#### The data
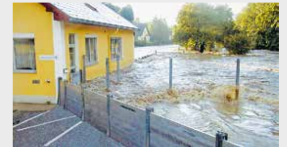
Le strade vengono protette in modo affidabile.

Per proteggere passi carrai degli edifici, parcheggi sotterranei, accessi a terreni è stata messa a punto una serranda contro le piene a controllo elettropneumatico. La barriera di contenimento consente una capacità di carico estremamente elevata.
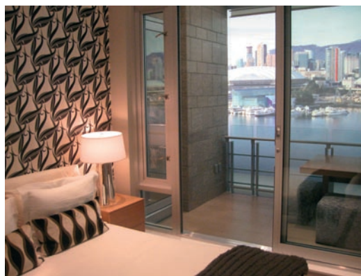
Vizualizace pokoje v olympijské vesnici
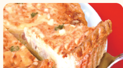
(有)レキップ・ド・ニコ ぶじのくにプレミアムキッシュ
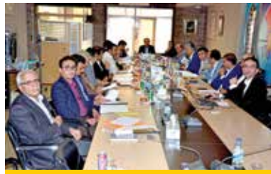
بهسازان صنایع خاورمیانه
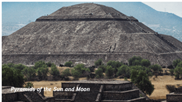
Pyramids of the Sun and Moon
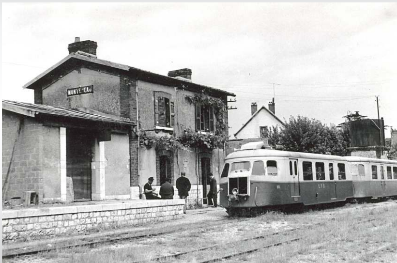
Le Billard 801 en gare de Montreau

Dans l'entre-deux guerres, l'autorail a prouvé ses qualités techniques et économiques et permis la sauvegarde de nombreuses lignes secondaires à voie métrique, en France. C'est dans ce contexte, économiquement bouleversé, toujours en recherche de rentabilité, que les compagnies exploitantes dont les C.F.D., demandent aux constructeurs français de se pencher sur l'étude d'engins exploitables avec un nombre restreint d'agents, facilement utilisables sur des lignes en antennes ou sur des distances assez courtes. La concurrence routière est féroce, il faut gagner en vitesse commerciale et coût d'exploitation kilométrique.
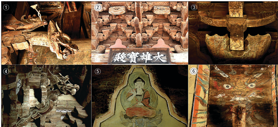
①어간의 용과 봉황 ②대웅보전 편액과 용의 정면얼굴 ③정면공포의 연잎 하엽문 주두 ④향우측 귀공포의 용과 봉황 ⑤포벽에 배운 여래불 벽화 ⑥향좌측 포벽의 용면변화
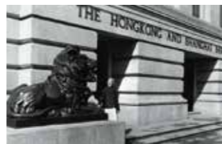
铜狮史提芬和施迪坐镇香港及上海的汇丰总行大厦接近一世纪
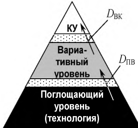
Рисунок 4 – Диффузионные слои между уровнями возможностей команды проекта

нестабильность среды проекта, нацеленность действующей нормативной базы на повышение уровня унификации технических и технологических решений и многое другое.
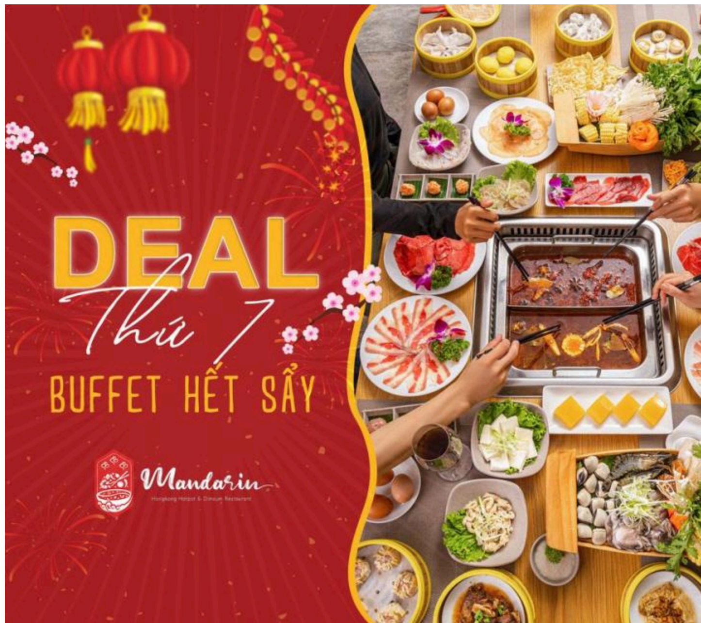
Mandarin HongKong Hotpot & Dimsum Restaurant

Fanpage: www.facebook.com/Mandarin.HaianRiverfront/ Giờ mở cửa: 10:30 – 22:00
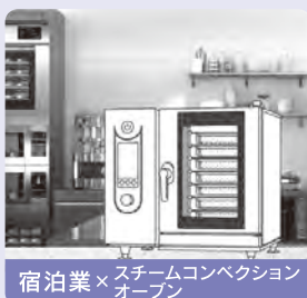
宿泊業×スチームコンベクションオーブン

上記以外の製品カテゴリ 清掃ロボット、券売機、自動チェックイン機、検品・仕分システム、飲料補充ロボット、測量機、丁合機、印刷用紙高積装置など(随時追加される予定)
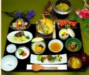
会席膳 竹 3,200円 税込/サ別
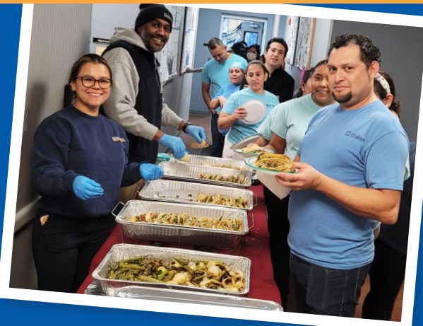
ESL Certificate Awardees

#### Exercise requirements
In the records above, find the line with "Le Billard 801 en gare de Montreau" and the line with "Mandarin HongKong Hotpot & Dimsum Restaurant". Write out exactly those lines and every one between, with no pictures and no other lines.

#### Response area
Le Billard 801 en gare de Montreau

Dans l'entre-deux guerres, l'autorail a prouvé ses qualités techniques et économiques et permis la sauvegarde de nombreuses lignes secondaires à voie métrique, en France. C'est dans ce contexte, économiquement bouleversé, toujours en recherche de rentabilité, que les compagnies exploitantes dont les C.F.D., demandent aux constructeurs français de se pencher sur l'étude d'engins exploitables avec un nombre restreint d'agents, facilement utilisables sur des lignes en antennes ou sur des distances assez courtes. La concurrence routière est féroce, il faut gagner en vitesse commerciale et coût d'exploitation kilométrique.
①어간의 용과 봉황 ②대웅보전 편액과 용의 정면얼굴 ③정면공포의 연잎 하엽문 주두 ④향우측 귀공포의 용과 봉황 ⑤포벽에 배운 여래불 벽화 ⑥향좌측 포벽의 용면변화
铜狮史提芬和施迪坐镇香港及上海的汇丰总行大厦接近一世纪
Рисунок 4 – Диффузионные слои между уровнями возможностей команды проекта

нестабильность среды проекта, нацеленность действующей нормативной базы на повышение уровня унификации технических и технологических решений и многое другое.
Mandarin HongKong Hotpot & Dimsum Restaurant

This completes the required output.